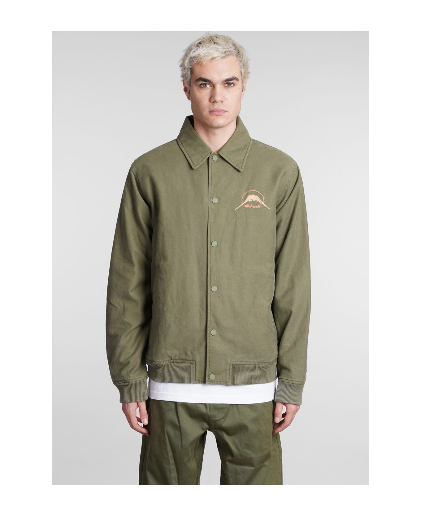 Casual jacket in green cotton, collar, long sleeves, frontal buttoning, pockets on side, logo on chest, back embroidery, 100% cotton, Model is 183 cm and wears a size L
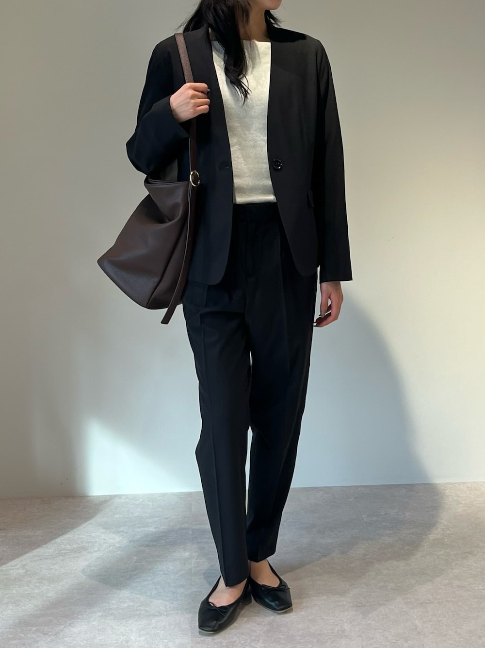 🏷️RIRIYANO 《洗える》2点テーパードパンツスーツセット(ノーカラージャケット+テーパードパンツ)【RIRIYANO】
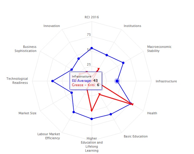 Και μόνο ένας από τους δείκτες, αυτός των υποδομών, δίνει εξήγηση για την θέση του νησιού: οι υποδομές ο δείκτης της Κρήτης είναι μόλις 6, με τον ευρωπαϊκό να φτάνει στο 43…
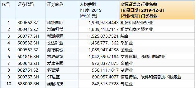 Wind数据显示,2019年科锐国际、渤海租赁、新潮能源、宏达矿业、海德股份、京沪高铁6家上市公司人均薪酬(=应付职工薪酬(本期增加值)/员工人数)超百万!
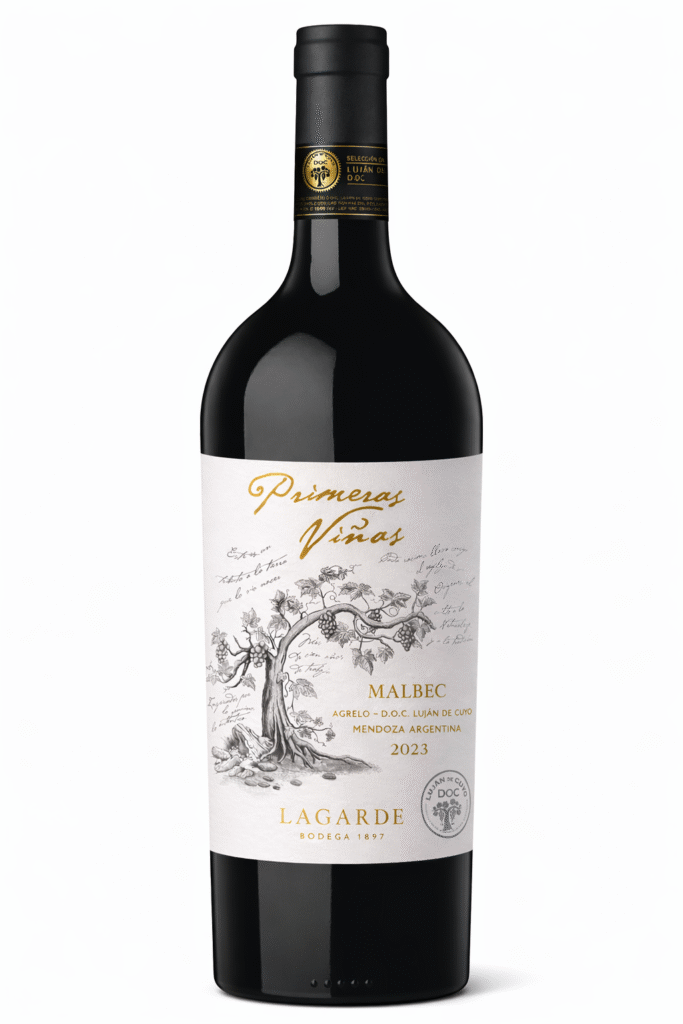 En esta línea Bodega Lagarde presenta Primeras Viñas D.O.C. Agrelo Malbec, una incorporación a su colección de alta gama dedicada a explorar la identidad de sus primeros e históricos viñedos de Mendoza. De partida limitada y cosecha 2023, el vino refleja una interpretación clásica del Malbec de Agrelo, uno de los distritos más emblemáticos del vino argentino.
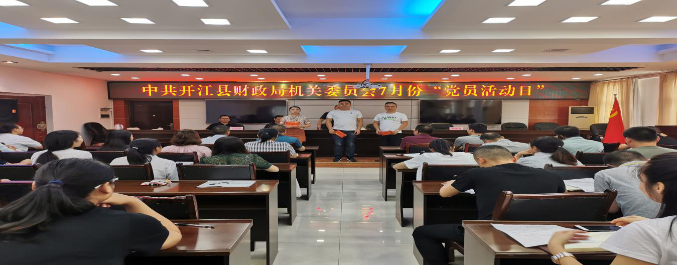 为持续有效推进党的组织生活正常化、党内教育经常化、党员管理规范化,2020年7月8日,县财政机关党委在局七楼会议室开展了主题为开展了“感党恩、颂党情”为主题的7月“党员活动日”活动,为促进“活动”对党外职工的教育和引领作用,除机关全体党员外,普通干部职工均参加了活动,党员领导干部以
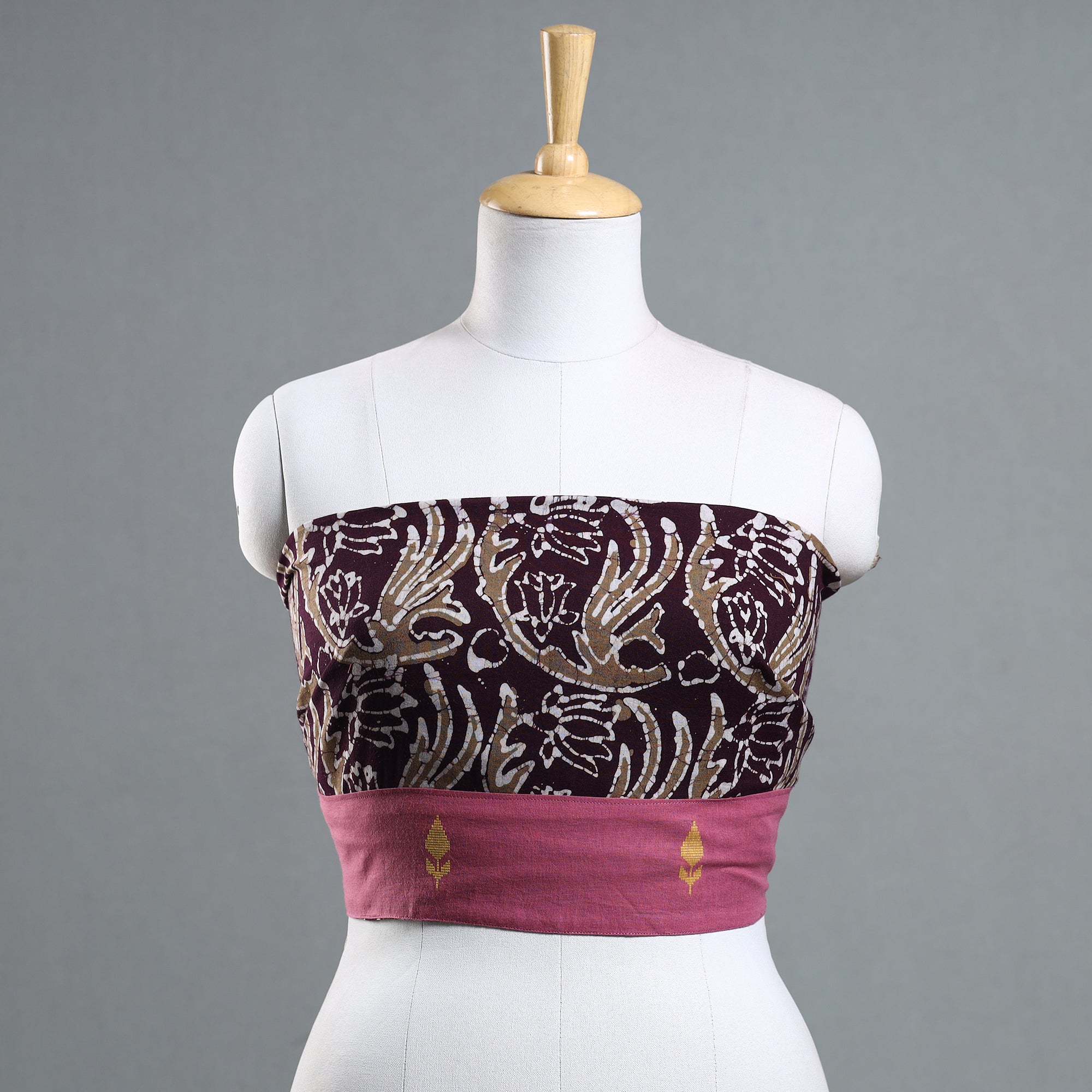 Fine quality maroon batik printed cotton blouse piece crafted with traditional handmade textiles of India. This mix and match blouse material is perfect to pair with any saree, adding a touch of elegance to your ensemble. Made with the finest quality materials, this blouse material ensures comfort and style, making it a must-have addition to your wardrobe.

◆ ◆ ◆

Action item:
Extract, word for word, each line from the top of the data down to and including the line with "Και μόνο ένας"; skip the pictures.

Answer for the task:
 Casual jacket in green cotton, collar, long sleeves, frontal buttoning, pockets on side, logo on chest, back embroidery, 100% cotton, Model is 183 cm and wears a size L
 🏷️RIRIYANO 《洗える》2点テーパードパンツスーツセット(ノーカラージャケット+テーパードパンツ)【RIRIYANO】
 Και μόνο ένας από τους δείκτες, αυτός των υποδομών, δίνει εξήγηση για την θέση του νησιού: οι υποδομές ο δείκτης της Κρήτης είναι μόλις 6, με τον ευρωπαϊκό να φτάνει στο 43…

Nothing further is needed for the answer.